TIMESINDONESIA.MY.ID - Sebuah peristiwa genting terjadi di Distrik Jila, Kabupaten Mimika, Papua Tengah, yang melibatkan aksi penculikan terhadap sembilan warga oleh kelompok bersenjata OPM. Kejadian ini menimbulkan kekhawatiran mendalam bagi warga setempat dan aparat keamanan.

Dikutip dari Kompas.com, dua di antara sembilan korban yang diculik akhirnya berhasil melarikan diri dari sekapan kelompok tersebut. Perjuangan mereka untuk kembali ke pemukiman warga menjadi sorotan utama dalam insiden ini.
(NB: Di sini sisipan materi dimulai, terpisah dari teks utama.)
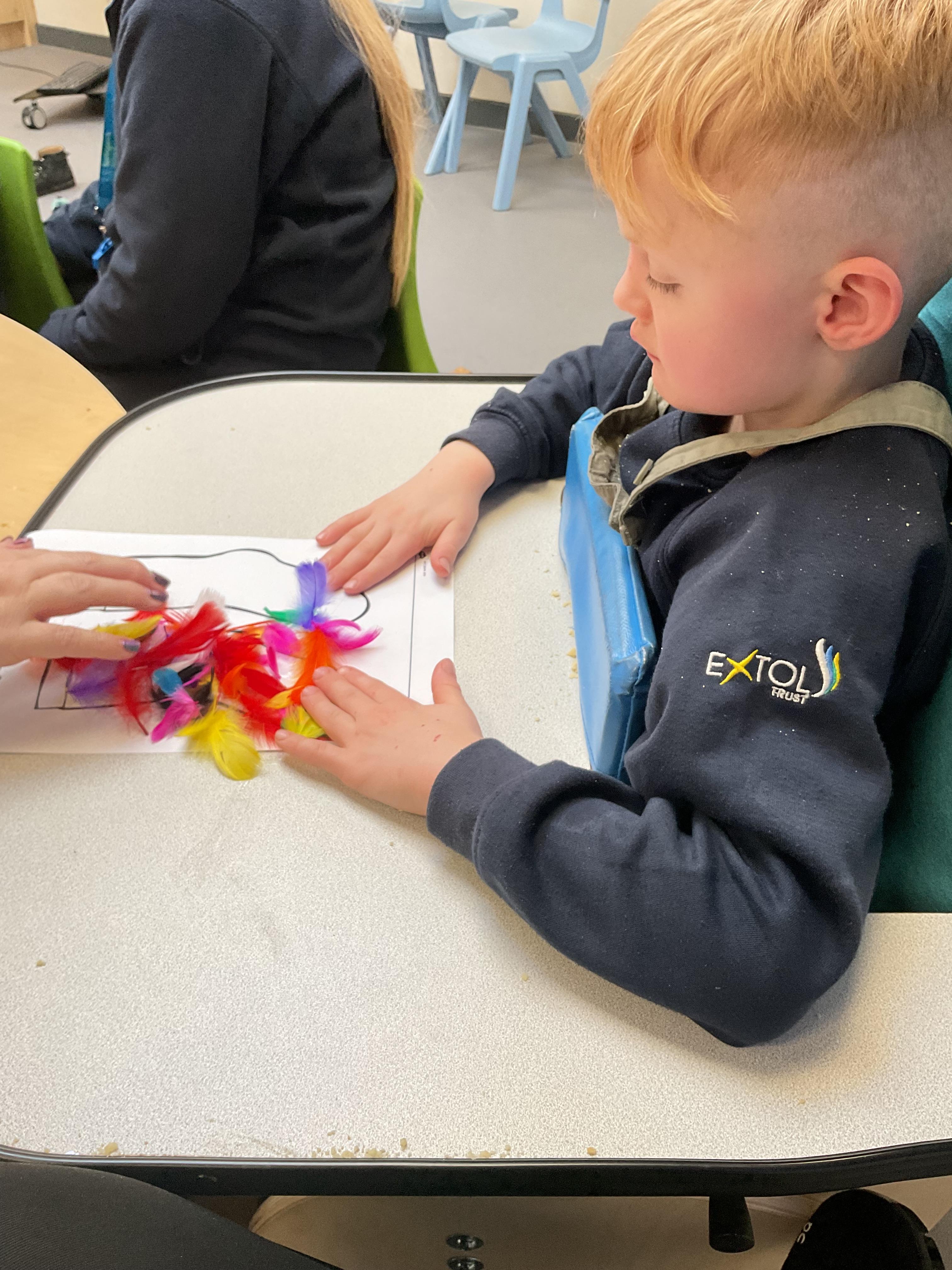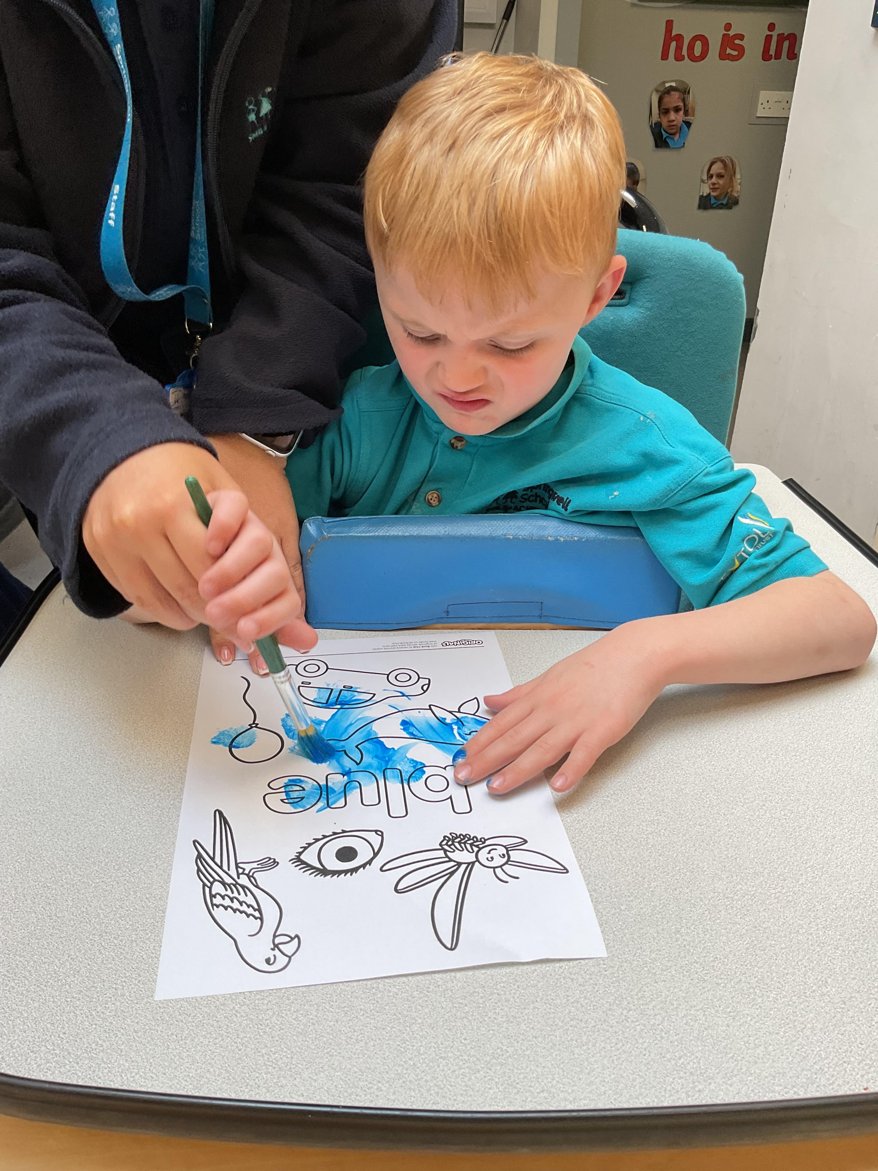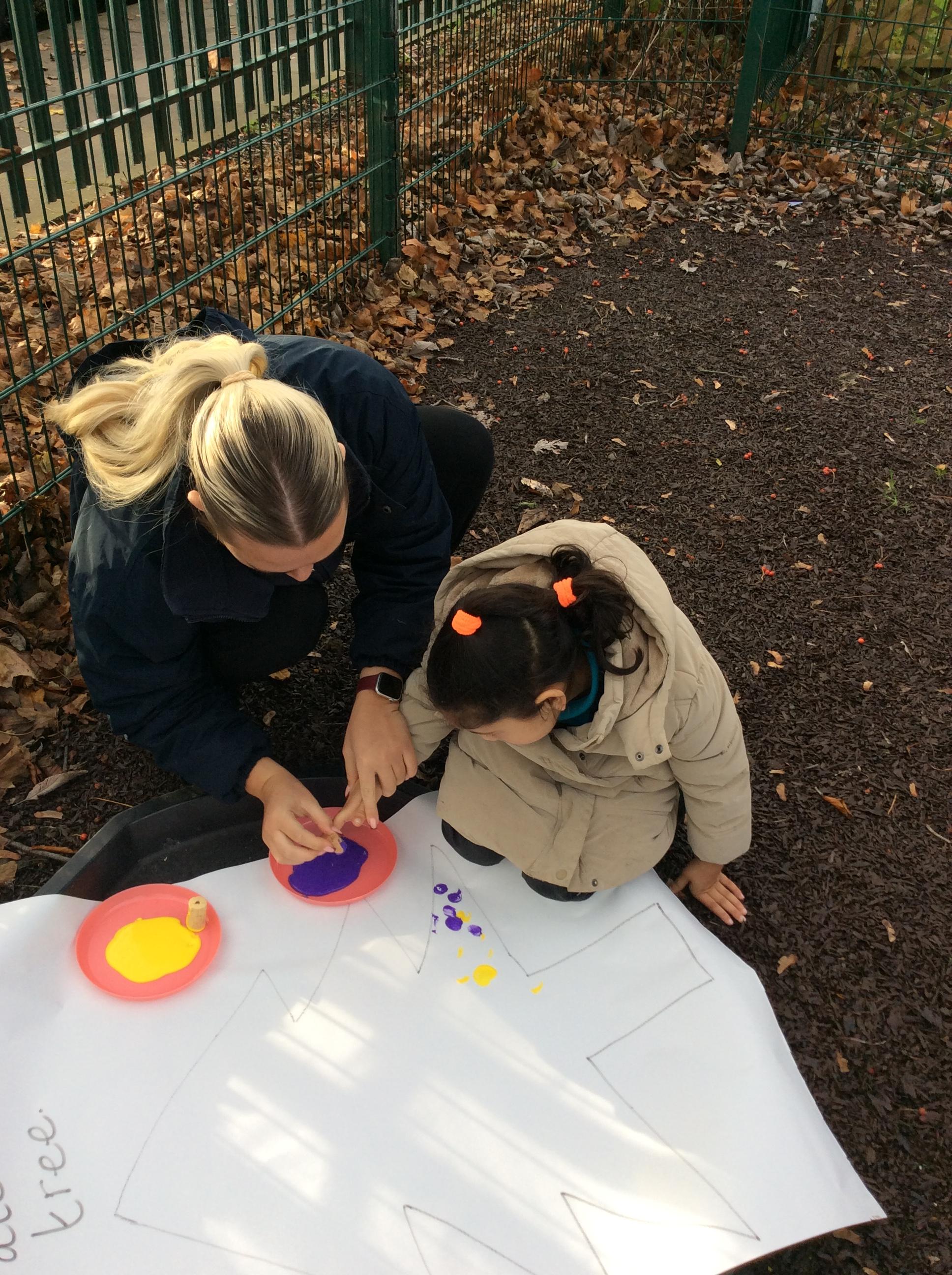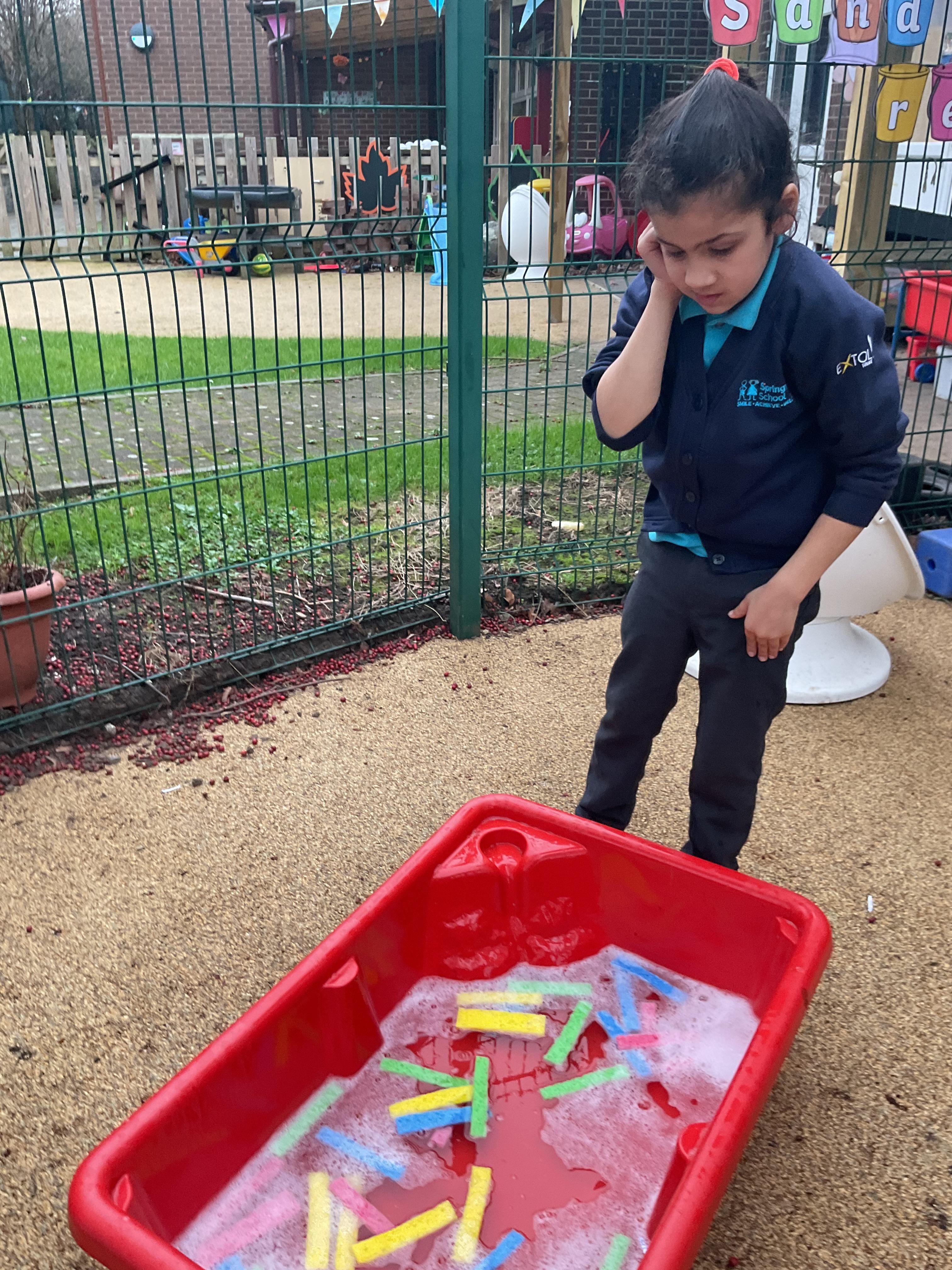 A very busy day today, learning all about colour, we all listened to a colour song and explored our favourite colours. We then explored outside and found different colour sponges

Identitas kedua korban yang berhasil menyelamatkan diri dari situasi berbahaya tersebut telah diketahui. Mereka adalah Nemerina Uamang dan Yotina Senawatme yang kini sedang dalam proses pemulihan.
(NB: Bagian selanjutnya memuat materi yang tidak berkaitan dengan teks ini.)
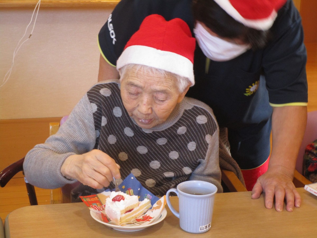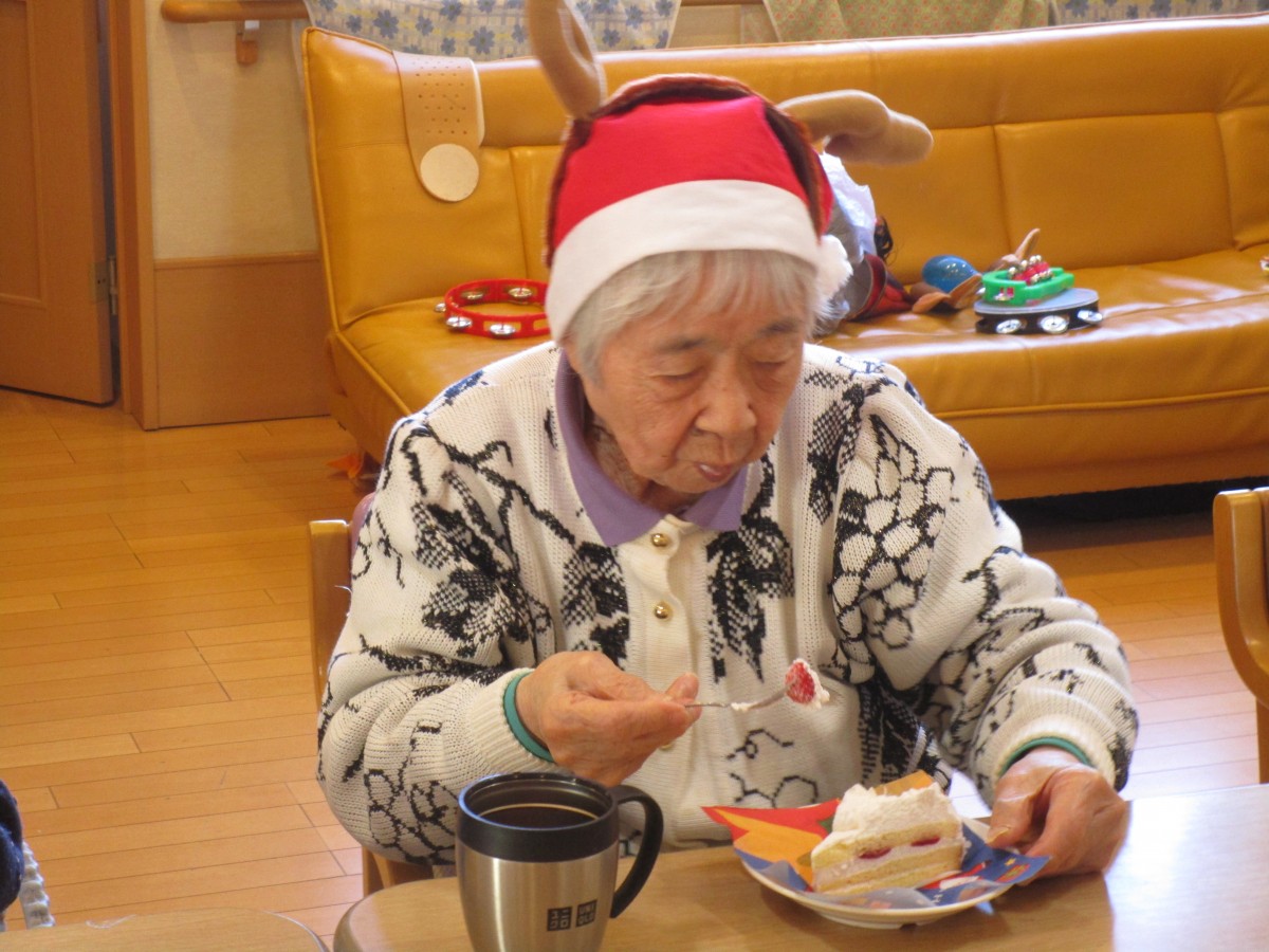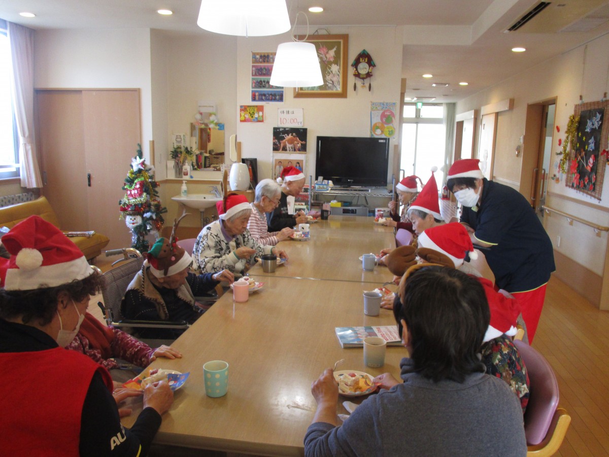 ご利用者様に1人ずつ声をかけながらクリスマスプレゼントを手渡しすると、皆様パァーッと嬉しそうな顔で「ありがとう(^^)」と喜んで下さいました♪

"Dua korban yang berhasil melarikan diri dari kelompok bersenjata OPM, atas nama Nemerina Uamang dan Yotina Senawatme," ujar pihak berwenang sebagaimana dikutip dari Kompas.com.

Namun, di balik keberhasilan pelarian tersebut, terdapat kabar duka yang menyelimuti keluarga korban. Salah seorang dari mereka ditemukan dalam kondisi meninggal dunia saat berada di area hutan.

Hingga saat ini, pihak berwenang masih melakukan pendalaman terkait kronologi pelarian dan kondisi para korban lainnya yang masih dalam pencarian. Upaya evakuasi terus dioptimalkan demi memastikan keamanan warga di wilayah Distrik Jila.

Situasi di lokasi kejadian saat ini terus dipantau dengan seksama oleh aparat keamanan setempat. Fokus utama saat ini adalah memastikan keselamatan seluruh warga yang masih berada dalam pengaruh kelompok bersenjata.

Masyarakat diharapkan untuk tetap tenang dan tidak terprovokasi oleh informasi yang belum terverifikasi kebenarannya. Koordinasi antar instansi terus diperkuat untuk meminimalisir dampak lebih lanjut dari insiden penculikan ini.

Pihak keamanan juga mengimbau warga di sekitar Distrik Jila untuk selalu waspada terhadap aktivitas mencurigakan di lingkungan mereka. Langkah preventif dan komunikasi yang intensif menjadi kunci utama dalam menjaga stabilitas keamanan di wilayah tersebut.